FILM 1338: THE MAN WHO KNEW TOO MUCH
TRIVIA: At first, Doris Day refused to record "Que Sera, Sera" as a popular song release, dismissing it as "a forgettable children's song." It not only went on to win an Academy Award, but also became the biggest hit of her recording career and her signature song. So much for forgettable, she would go on to sing the same song in two more movies, Please Don't Eat the Daisies (1960) and The Glass Bottom Boat (1966), and it was used as the theme song for all 124 episodes of her TV show, The Doris Day Show (1968).
It was during the making of this film, when she saw how camels, goats and other "animal extras" in a marketplace scene were being treated, that Doris Day began her lifelong commitment to preventing animal abuse.
Throughout the filming, Doris Day became increasingly concerned that Alfred Hitchcock paid more attention to camera setups, lighting and technical matters than he did to her performance.
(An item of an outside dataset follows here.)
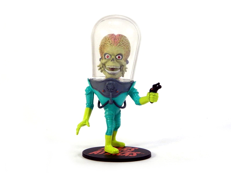 While funny, the Baracula Jr. included in the Con-exclusive 2-pack wasn't my thing. My sole interest was in the Martian. Lucky for me, Heroes in Action was offering the Mars Attacks Jr. figure individually blistered! While non-poseable, the figure delights with its cool retro-alien sculpt - the perfect addition to any Mars Attacks collection. Check out more photos of this figure at the link below.

Convinced that he was displeased with her work, she finally confronted him. His reply was, "My dear Miss Day, if you weren't giving me what I wanted, *then* I would have to direct you!"
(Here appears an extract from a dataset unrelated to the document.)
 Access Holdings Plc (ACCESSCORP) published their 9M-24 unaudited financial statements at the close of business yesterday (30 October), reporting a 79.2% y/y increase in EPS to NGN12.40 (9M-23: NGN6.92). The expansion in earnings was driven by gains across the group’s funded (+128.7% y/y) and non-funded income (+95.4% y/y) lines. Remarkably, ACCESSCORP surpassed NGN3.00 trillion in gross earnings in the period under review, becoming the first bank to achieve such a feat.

The Albert Hall sequence lasts 12 minutes without a single word of dialogue and consists of 124 shots.
The film was unavailable for decades because its rights (together with four other pictures of the same period) were bought back by Alfred Hitchcock and left as part of his legacy to his daughter. They've been known for long as the infamous "Five lost Hitchcocks" amongst film buffs, and were re-released in theatres around 1984 after a 30-year absence. The others are Rear Window (1954), Rope (1948), The Trouble with Harry (1955), and Vertigo (1958).
The plot calls for a man (Daniel Gélin in the role of Louis Bernard) to be discovered as "not Moroccan" because he was wearing black makeup. The makeup artists couldn't find a black substance that would come off easily, and so they painted the fingers of the other man (James Stewart) white, so that he would leave pale streaks on the other man's skin (according to Patricia Hitchcock, this idea was suggested by Daniel Gélin).
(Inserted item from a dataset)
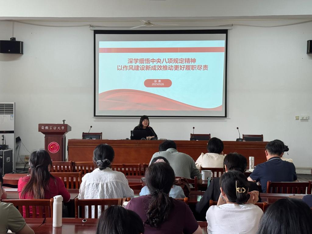 在综合楼325报告厅开展深入贯彻中央八项规定精神学习教育专题党课。学院党委书记徐惠以《深学细悟中央八项规定精神,以作风建设新成效推动更好履职尽责》为主题,为学院全体教职工讲授专题党课。

In a 1994 interview available on the liner notes of a Rhino compilation of Oscar winning songs, songwriter Jay Livingston says that he came across the phrase "Que Sera Sera" in the movie The Barefoot Contessa (1954), when Rossano Brazzi shows Ava Gardner his house, and she sees the inscription "Que Sera Sera" on the gate. He tells her that is the family motto, and it means 'Whatever will be, will be'.
Doris Day had a fear of flying that stemmed from tours with Bob Hope in the 1940s that resulted in some close calls in impenetrable winter weather. She almost turned down her role in this film because it required travel to London and Marrakesh. Her husband and manager, Martin Melcher talked her into accepting it.
Ambrose Chapel was filmed at St. Saviour's Church Hall in St. Saviour's Road, Brixton Hill, London. St. Saviour's was sold off by the Church of England in the 1970s and has since been torn down.